## DATA SUPPLIED
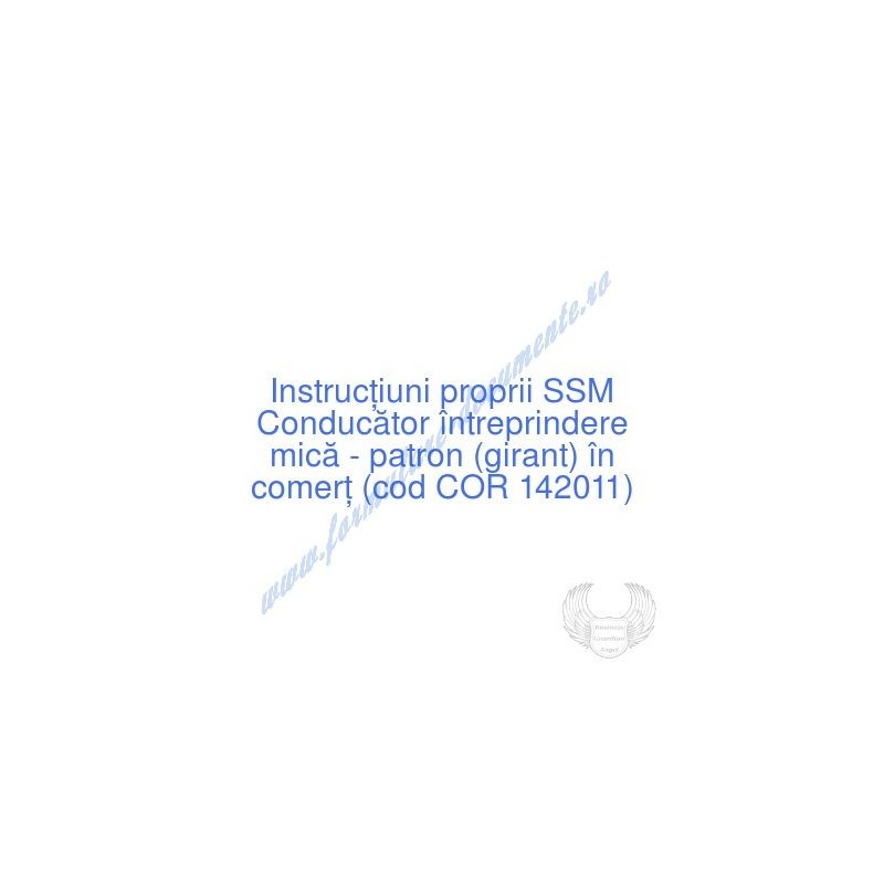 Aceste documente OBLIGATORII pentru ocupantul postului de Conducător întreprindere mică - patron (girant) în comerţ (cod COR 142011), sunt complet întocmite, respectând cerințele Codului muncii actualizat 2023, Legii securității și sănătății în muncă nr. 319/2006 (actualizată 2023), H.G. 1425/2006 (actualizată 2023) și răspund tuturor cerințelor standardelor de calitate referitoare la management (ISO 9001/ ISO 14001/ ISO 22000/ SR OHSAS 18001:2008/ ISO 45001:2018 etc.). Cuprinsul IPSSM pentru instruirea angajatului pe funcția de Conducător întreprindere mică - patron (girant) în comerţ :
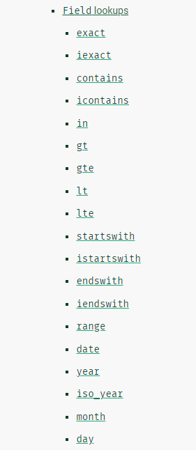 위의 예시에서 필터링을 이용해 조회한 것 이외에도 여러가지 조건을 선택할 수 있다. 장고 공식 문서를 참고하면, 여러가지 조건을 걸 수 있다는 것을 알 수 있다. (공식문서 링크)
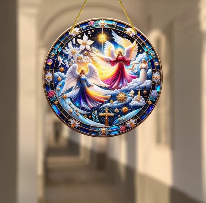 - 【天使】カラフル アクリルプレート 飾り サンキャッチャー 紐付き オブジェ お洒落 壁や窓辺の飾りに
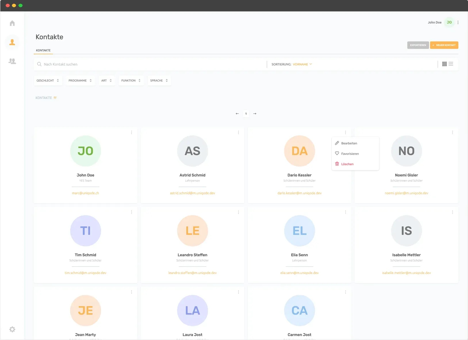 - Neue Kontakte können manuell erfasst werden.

* * *

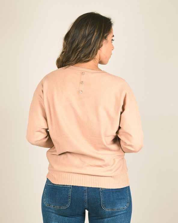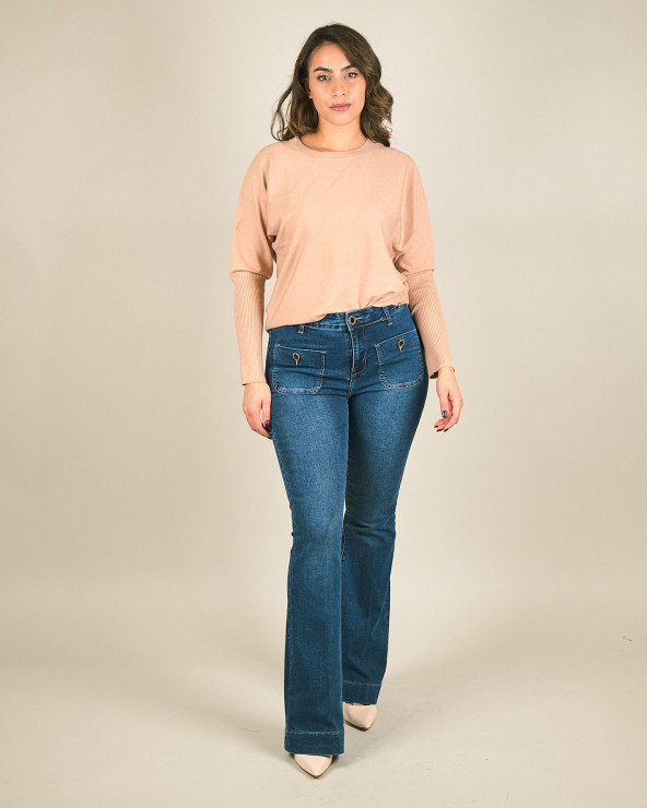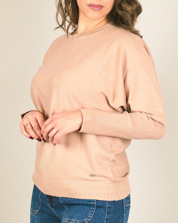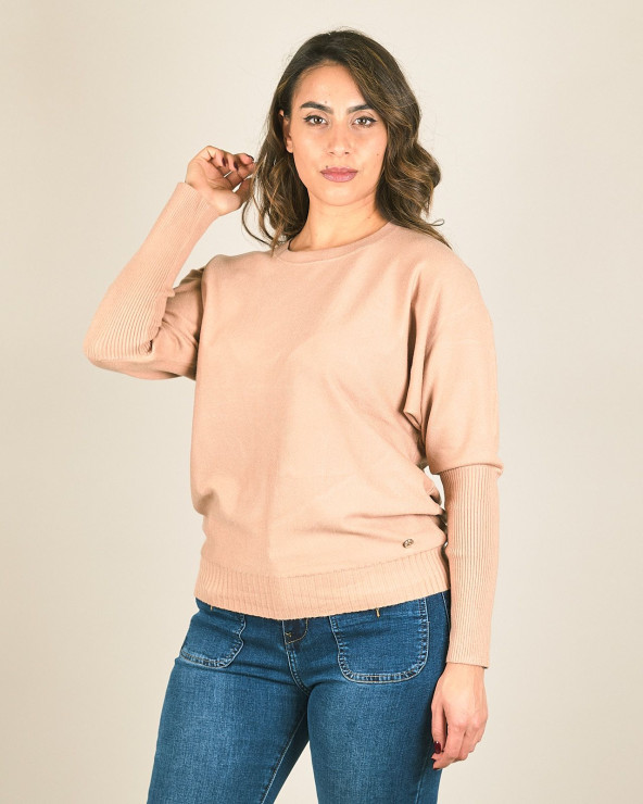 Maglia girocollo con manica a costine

## WHAT IS EXPECTED
Each line above starting at the one holding "위의 예시에서 필터링을" and ending at the one holding "- Neue Kontakte" should be set down exactly as it stands, both ends included, with no pictures.

## EXERCISE OUTPUT
 위의 예시에서 필터링을 이용해 조회한 것 이외에도 여러가지 조건을 선택할 수 있다. 장고 공식 문서를 참고하면, 여러가지 조건을 걸 수 있다는 것을 알 수 있다. (공식문서 링크)
 - 【天使】カラフル アクリルプレート 飾り サンキャッチャー 紐付き オブジェ お洒落 壁や窓辺の飾りに
 - Neue Kontakte können manuell erfasst werden.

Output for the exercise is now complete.